10. La Cour de justice de l'Union européenne a relevé que la différence de traitement résultant de l'article L. 3253-8, 2°, du code du travail, tel qu'interprété par la Cour de cassation, selon que l'auteur de la rupture du contrat de travail est ou non le salarié, outre le fait que la cessation du contrat de travail par une prise d'acte de la rupture de ce contrat par un travailleur ne saurait être regardée comme résultant de la volonté de ce travailleur dans le cas où elle est, en réalité, la conséquence des manquements de l'employeur, ne peut être justifiée pour les besoins de la poursuite de l'activité de l'entreprise, du maintien de l'emploi et de l'apurement du passif, lesdits besoins ne pouvant occulter la finalité sociale de la directive 2008/94 (points 49 et 50).
11. Elle a également précisé que cette finalité sociale consiste, ainsi qu'il ressort de l'article 1er, paragraphe 1, de cette directive, lu en combinaison avec le considérant 3 de celle-ci, à garantir à tous les travailleurs salariés un minimum de protection au niveau de l'Union en cas d'insolvabilité de l'employeur par le paiement des créances impayées résultant de contrats ou de relations de travail (point 51).
12. Il en résulte qu'il y a lieu de juger désormais que l'assurance mentionnée à l'article L. 3253-6 du code du travail couvre les créances impayées résultant de la rupture d'un contrat de travail, lorsque le salarié a pris acte de la rupture de celui-ci en raison de manquements suffisamment graves de son employeur empêchant la poursuite dudit contrat et intervenant pendant l'une des périodes visées à l'article L. 3253-8, 2°, du même code.
13. Ayant retenu que la prise d'acte de la rupture de son contrat de travail par le salarié, intervenue le 27 mars 2017, pendant la période d'observation ouverte par un jugement de redressement judiciaire du 14 mars 2017, était justifiée et s'analysait en un licenciement sans cause réelle et sérieuse, c'est à bon droit que la cour d'appel a ordonné au liquidateur judiciaire d'inscrire sur le relevé des créances salariales de l'employeur des sommes à titre d'indemnité conventionnelle de licenciement, d'indemnité compensatrice de préavis et de congés payés afférents, de dommages-intérêts pour licenciement sans cause réelle et sérieuse et pour travail dissimulé et a dit que sa décision était opposable à la société A d'[Localité 5].
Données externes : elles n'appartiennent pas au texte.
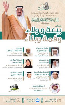 تنظم صحيفة مكة الاليكترونية، يوم الخميس 4 ربيع الثاني 1442هـ، ندوة عن بُعد بعنوان (بيعة وولاء وقمة وبناء)، ويشارك في الندوة كل من الاستاذ الدكتور سهيل قاضي، مدير جامعة أم القرى سابقا، في محور بعنوان (سلمان وعصرنة الدولة الحديثة)، والاستاذ الدكتور محمد العُقلا مدير الجامعة الإسلامية سابقا، في محور بعنوان (محاربة التنظيمات الإرهابية)، والأستاذ دكتور عايض الزهراني،استاذ التاريخ النقدي في محور (حزم سلمان لردع ايران) ، والأستاذ الدكتور، عبدالله الرفاعي، رئيس تحرير مجلة المسلمون و عميد كلية الاعلام بجامعة الإمام سابقًا، في محور (الابعاد الأستراتيجية للسياسة الخارجية)، كما تشارك في الندوة الاستاذة الدكتورة، أميرة مصطفى أمين، استاذة التاريخ بجامعة الملك عبد العزيز، في محور (مكانة المرأة في عهد سلمان)، والدكتور بندر عويض الجعيد، الكاتب الاقتصادي) في محور (قيادة المملكة لقمة العشرين)، تعقد الندوة يوم الخميس المقبل الساعة السابعة والنصف بتوقيت مكة المكرمة. ويديرها الاستاذ عبد الله الزهراني رئيس التحرير.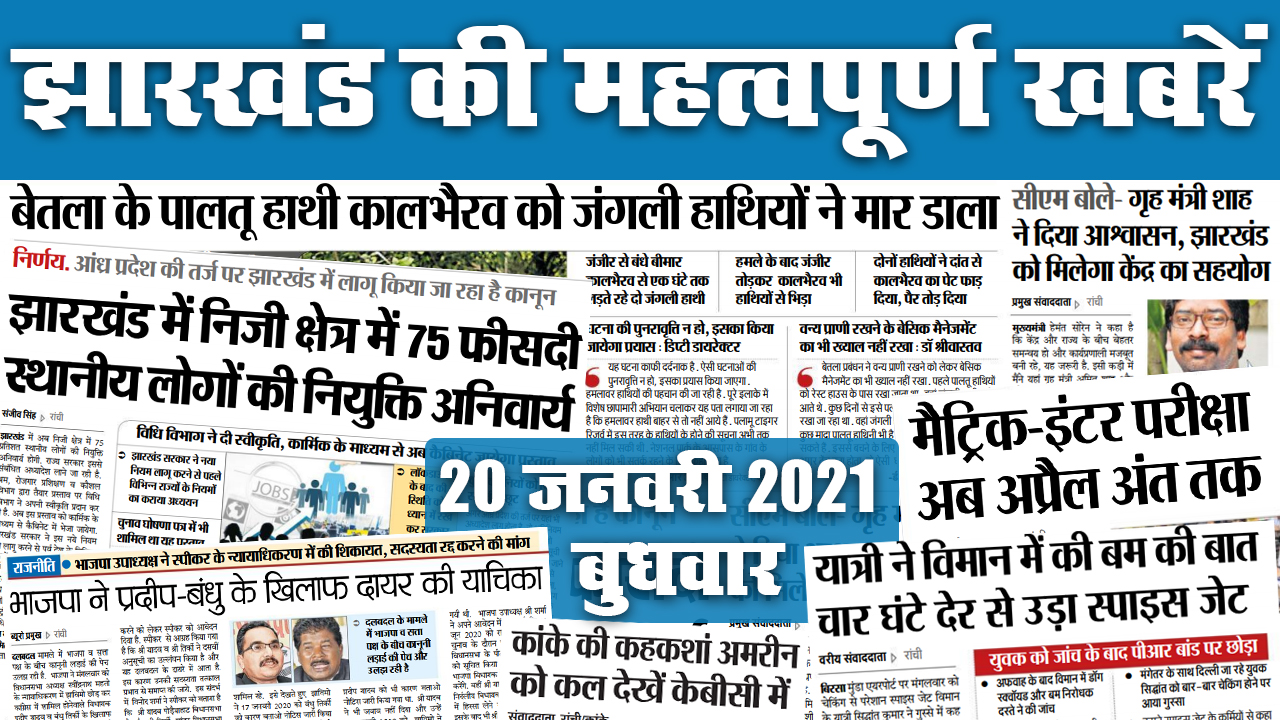 Jharkhand News, Corona Vaccination, Weather, Crime Updates: बेतला के पालतू हाथी काल भैरव को जंगली हाथियों ने मार डाला. सीएम हेमंत सोरेन ने कहा, गृह मंत्री शाह ने दिया है आश्वासन, झारखंड को मिलेगा केंद्र का सहयोग. आंध्र प्रदेश की तर्ज पर झारखंड में लागू किया जा रहा कानून, अब निजी क्षेत्र में 75 फीसदी स्थानीय लोगों को नियुक्ति होगी अनिवार्य. भाजपा ने प्रदीप बंधु के खिलाफ दायर की याचिका. मैट्रिक इंटर परीक्षा अब अप्रैल अंत तक. यात्री ने विमान में की बम की बात, 4 घंटे देर से उड़ा स्पाइसजेट. कांके की कहकशां अमरीन कल दिखेंगी केबीसी में..

14. Le moyen n'est donc pas fondé.
PAR CES MOTIFS, la Cour :
REJETTE le pourvoi ;
Condamne la société A et la société U d'[Localité 5] aux dépens ;
En application de l'article 700 du code de procédure civile, condamne la société A et la société Ud'[Localité 5] à payer à M. [D] la somme de 3 000 euros ;
Ainsi fait et jugé par la Cour de cassation, chambre sociale, et prononcé par le président en son audience publique du huit janvier deux mille vingt-cinq.